Re: 22/7/2014 6x6 difficult help on twitter

clm wrote:

Hi, patrick, the strategy is the usual, then the sum of the inner 4x4 box is 57 and "3-" and "2-" cages sum 11, etc., however no further analysis is necessary in this case, it's immediate from the beginning that "3-" = [2,5] since [1,4] is not possible due to the two 1's already present in "5-" and"4+" but at the same time [3,6] is not possible because it would produce two 1's in the same row, in b3 and c3.

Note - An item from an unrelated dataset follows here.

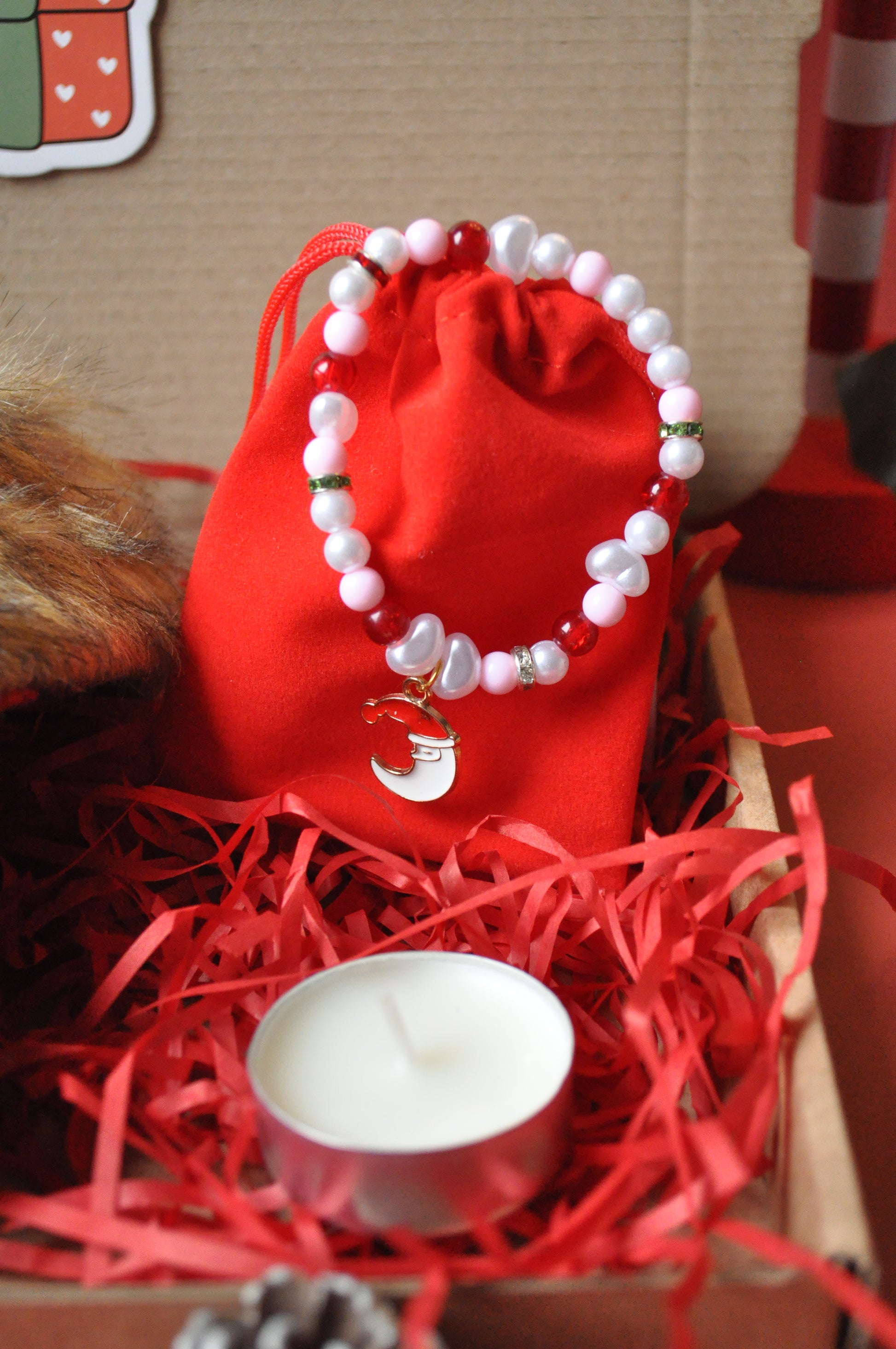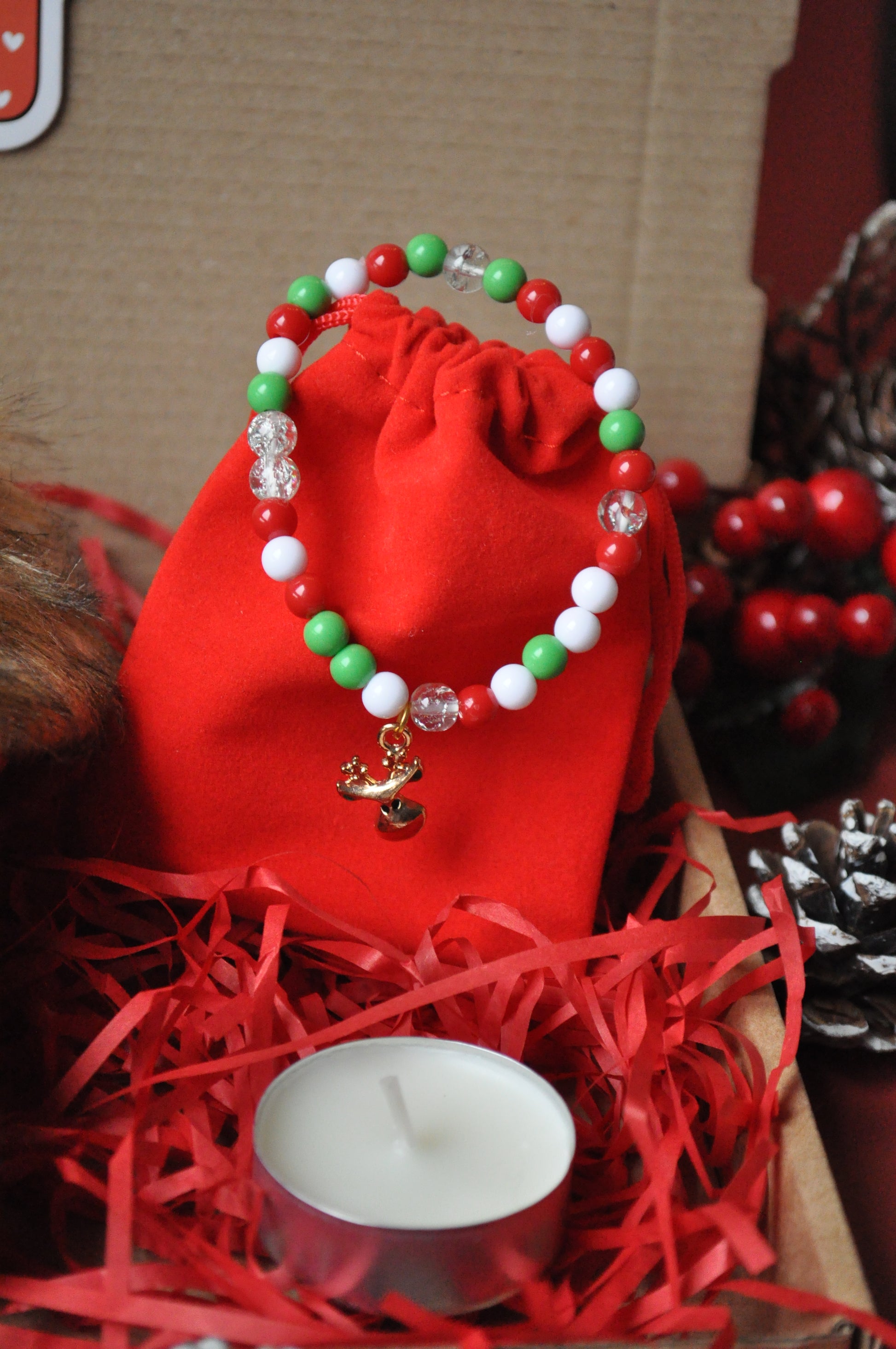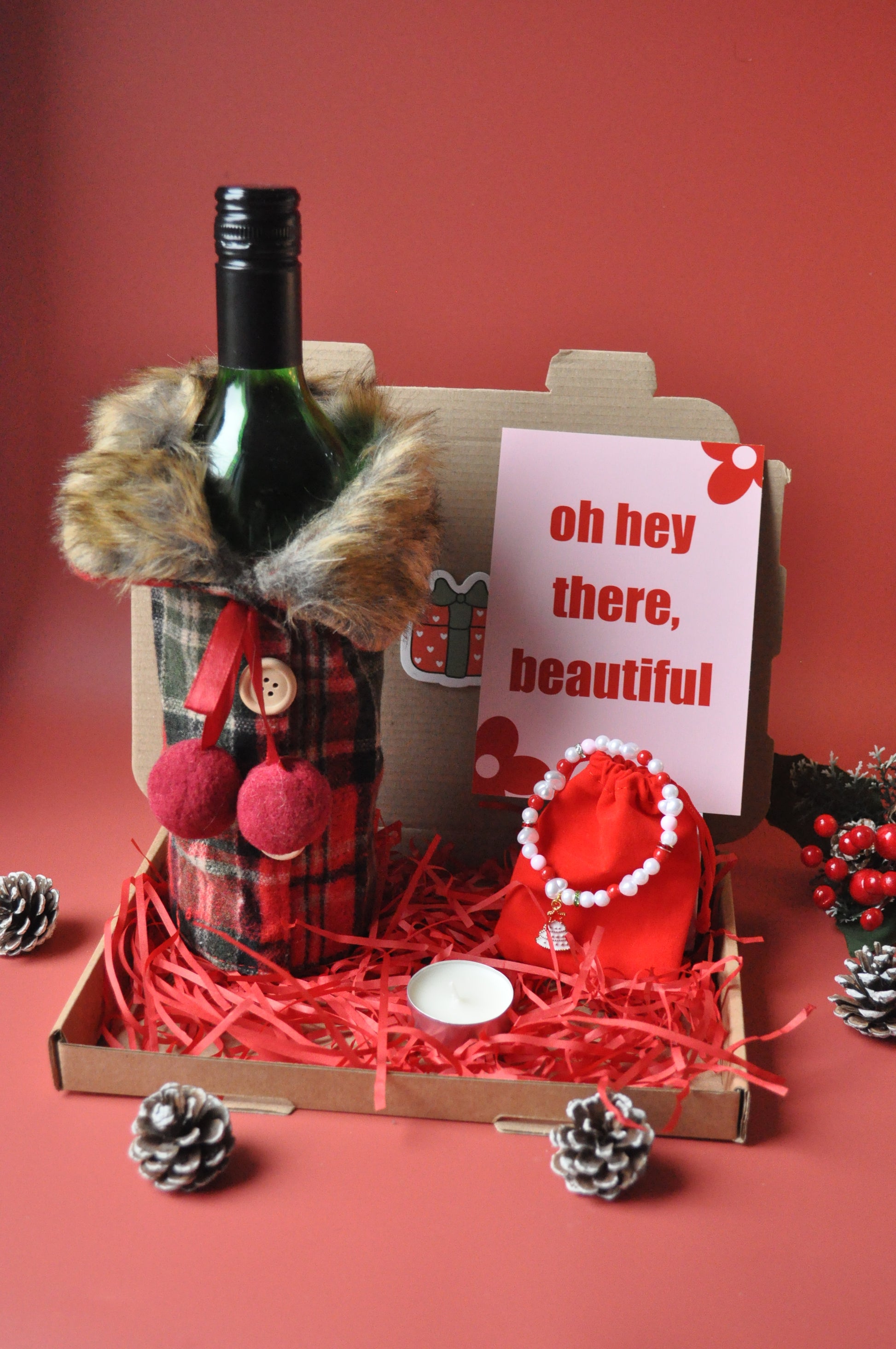 Celebrate the festive season with this charming gift set, perfect for holiday gatherings and thoughtful gifting. The set includes a cosy plaid wine bottle wrap adorned with faux fur and a decorative bottle necklace (which doubles as a stretch bracelet). Enjoy the warm ambience of a scented tealight, all presented in festive packaging. Choose from two bracelet options – a classic red and green theme or a playful pink and red design. Ideal for spreading Christmas cheer!

clm beat me to it. This is the method I used to solve it. Mass addition is generally farther down the queue of FAS techniques for me, though, I'll be honest.

Doing the above gives you the location for each of the cells in the 2d [4,2] and 3d [2,5] because of the 5 in 4d [5,6]. Doing so puts a 2 and a 5 in the same row as the 4e 2-, leaving only [1,3] and [4,6] as options. [4,6] is out because it, along with the 4d [5,6] would block all 6s in the two 9+ cages, leaving those as both [4,5]s, which doesn't work with the existing 4s and 5s in the 4d 11+ and 4e 2- cages. So that leaves 4e as [1,3].

It's probably just snobbery on my part to resist the more brute force mass cage addition approach if I can find a purely logical solution, however.